As McCurry and other historians have noted, those mass departures greatly affected the war effort. 

  • First, it removed valuable laborers from the fields. At the beginning of the war, Confederate leaders thought the 3.5 million enslaved people on the home front were going to be one of their greatest resources, but they were not. By freeing themselves and moving to Union lines, people escaping slavery diminished the Confederacy’s ability to supply its army and feed its population.
  • Second, perhaps equally as important, the exodus of the enslaved people had an impact on Confederate morale, especially on the home front.

Not all enslaved people could leave their farms and plantations. Often, when we talk about how African Americans aided the Union war effort, we think only about their participation in the Union Army. But that’s just part of the story. Enslaved people recognized that with the Civil War, the slave system was breaking down, and they took multiple actions to further destroy it. 

  • On plantations across the South, acts of rebellion by enslaved people made it difficult for the Confederacy to supply their troops on the front and the civilian population at home.
  • Enslaved people on the Confederate home front actively conspired against the Confederacy. McCurry reminds us that enslaved people often risked their own lives to provide valuable intelligence to the Union Army. They did things like giving Confederate positions to Union soldiers and telling them how many Confederate troops were waiting for them. They even provided cover for federal forces by leading them through swampy territories to surprise Confederates.
  • The Confederate military had to divert forces to patrol plantations while also trying to fight the war. McCurry notes the impact of this, saying: “The slaves determined war against their masters and their master states opened an internal front in the Confederate war and demanded the diversion of military resources to fight it.” 

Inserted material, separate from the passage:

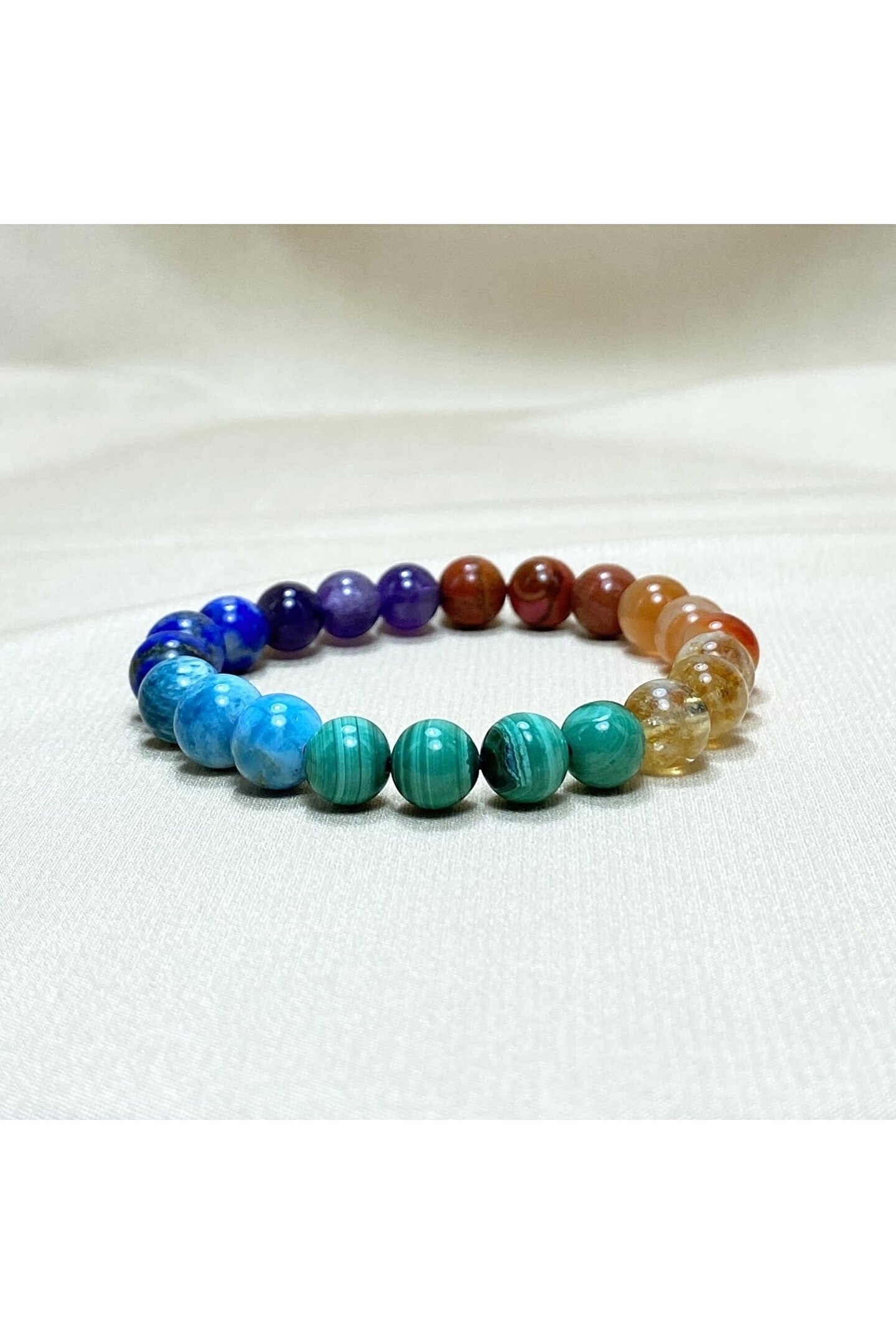 Çakra Bileklik, her bir çakranın ve renklerinin özelliğini Doğal Taş Çakra Bileklik içinde taşıması nedeniyle oldukça kullanışlı ve işlevseldir. ; Çakra Bileklik 7 farklı doğal taş içerir. ; Bu Doğal Taşlar ve Özellikleri renkleri nedeniyle bu bileklik içinde yer alırlar. ; Çakra Taşları, çakraları temsil eden 7 Doğal Taş Mor, Lacivert, Mavi, Yeşil, Sarı, Turuncu ve Kırmızı Çakra Renkleri içeren doğal taşlardan seçilir. ; Örnek vermek gerekirse yeşil rengi temsil etmek için Doğal Taş Bileklik içinde Yeşim Taşı, Akik Taşı, Malakit Taşı veya Aventurin Taşı kullanılabilir. ; Bu seçim yapılırken en kaliteli Doğal Taş sizler için seçilir ve özenle dizilir. ; Şu an incelediğiniz bileklikte ise Akik taşı, Sitrin taşı, Aventurin taşı, Apatit Taşı, Malakit taşı, Lapis taşı, Ametist taşı kullanılmıştır. ; Çakra Bileklik tane ebatları 8 mm'dir. ; Kök Çakra - Kırmızı - Jasper Mide Çakra - Turuncu - Akik Sinir Ağı Çakrası - Sarı - Sitrin Kalp Çakrası - Yeşil - Malakit Boğaz Çakrası - Mavi - Apatit Göz Çakrası - Lacivert - Lapis Lazuli Taç Çakra - Mor - Ametist;

Fleeing to Union lines, refusing to work, sabotaging the Confederate war effort — these actions point to numerous ways in which enslaved people affected the war effort and contributed to their own emancipation.

The Emancipation Narrative

While the end of slavery is recognized as a significant outcome of the Civil War, the emancipation narrative often neglects the role free and enslaved African Americans played in bringing about that end. It’s also important to consider our larger national story of emancipation. How do we represent it to ourselves as a nation and as a people?

The famous Thomas Ball statue that’s entitled alternately Emancipation Memorial or Freedman’s Memorial is a good example of the narrative that depicts Lincoln as the “Great Emancipator,” the individual with all the power, taking action. But the more complex reality of this history shows how enslaved people were active in their emancipation.

It’s necessary to have these conversations, addressing the ways that we’ve either avoided or misrepresented our past, whether it’s done intentionally or just unthinkingly. The subject of slavery is not easy to talk about and involves complicated issues, but they’re not so complicated that we can’t deal with them historically. 

If we can deal with the historical complications of slavery, then we can also equip ourselves and young people to deal with the complicated impact that the history of slavery has had on our present-day life.

As a nation, we’ve allowed incomplete or confused narratives to play too much of a role in the way that we understand the Civil War and the end of slavery. We need to address this history because we’re living with the ramifications of our collective inaction over the past 150 years. We can’t have a productive conversation about removing Confederate statues if we don’t acknowledge what the Confederacy was about. 

Similarly, if we don’t acknowledge the massive impact slavery and enslaved people had on our past, we can’t see the impact that their legacies have had on our present. The first step toward righting the wrongs of today is getting the history right.